DATA SHOWN →
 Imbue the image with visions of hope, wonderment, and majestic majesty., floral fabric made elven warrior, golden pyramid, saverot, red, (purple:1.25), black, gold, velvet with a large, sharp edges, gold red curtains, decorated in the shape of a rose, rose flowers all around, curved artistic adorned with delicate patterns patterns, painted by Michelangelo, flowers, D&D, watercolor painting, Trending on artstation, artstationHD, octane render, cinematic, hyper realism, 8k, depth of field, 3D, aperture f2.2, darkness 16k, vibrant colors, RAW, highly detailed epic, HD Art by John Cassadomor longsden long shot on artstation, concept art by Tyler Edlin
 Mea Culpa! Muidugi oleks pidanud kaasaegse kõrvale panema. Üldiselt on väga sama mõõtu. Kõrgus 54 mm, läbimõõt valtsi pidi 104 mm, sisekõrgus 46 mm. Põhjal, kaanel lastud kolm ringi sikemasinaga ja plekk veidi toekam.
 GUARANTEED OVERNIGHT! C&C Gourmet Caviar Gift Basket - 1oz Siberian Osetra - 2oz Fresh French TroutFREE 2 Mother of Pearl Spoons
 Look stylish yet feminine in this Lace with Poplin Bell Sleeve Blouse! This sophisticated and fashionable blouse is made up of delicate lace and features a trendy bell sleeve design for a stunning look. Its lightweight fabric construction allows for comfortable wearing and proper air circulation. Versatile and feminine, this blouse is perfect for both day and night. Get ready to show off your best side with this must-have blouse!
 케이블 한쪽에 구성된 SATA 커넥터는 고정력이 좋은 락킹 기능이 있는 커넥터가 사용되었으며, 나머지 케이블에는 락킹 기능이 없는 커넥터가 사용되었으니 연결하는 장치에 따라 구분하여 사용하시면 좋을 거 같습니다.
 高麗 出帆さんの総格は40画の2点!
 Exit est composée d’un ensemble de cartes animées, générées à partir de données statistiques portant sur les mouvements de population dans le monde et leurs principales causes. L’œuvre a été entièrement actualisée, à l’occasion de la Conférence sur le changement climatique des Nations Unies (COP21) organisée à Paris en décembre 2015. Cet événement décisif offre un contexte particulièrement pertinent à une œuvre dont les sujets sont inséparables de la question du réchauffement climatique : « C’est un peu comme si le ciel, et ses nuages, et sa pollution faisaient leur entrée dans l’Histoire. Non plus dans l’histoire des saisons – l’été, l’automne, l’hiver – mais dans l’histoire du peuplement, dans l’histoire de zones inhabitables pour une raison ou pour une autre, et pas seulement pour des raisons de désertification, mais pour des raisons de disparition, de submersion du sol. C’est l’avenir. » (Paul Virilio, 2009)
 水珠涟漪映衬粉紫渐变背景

BRIEF →
In the data above, start at the line that has "GUARANTEED OVERNIGHT! C&C", stop after the line that has "Look stylish yet", and print every line in between exactly as it stands.

SOLVED EXERCISE →
 GUARANTEED OVERNIGHT! C&C Gourmet Caviar Gift Basket - 1oz Siberian Osetra - 2oz Fresh French TroutFREE 2 Mother of Pearl Spoons
 Look stylish yet feminine in this Lace with Poplin Bell Sleeve Blouse! This sophisticated and fashionable blouse is made up of delicate lace and features a trendy bell sleeve design for a stunning look. Its lightweight fabric construction allows for comfortable wearing and proper air circulation. Versatile and feminine, this blouse is perfect for both day and night. Get ready to show off your best side with this must-have blouse!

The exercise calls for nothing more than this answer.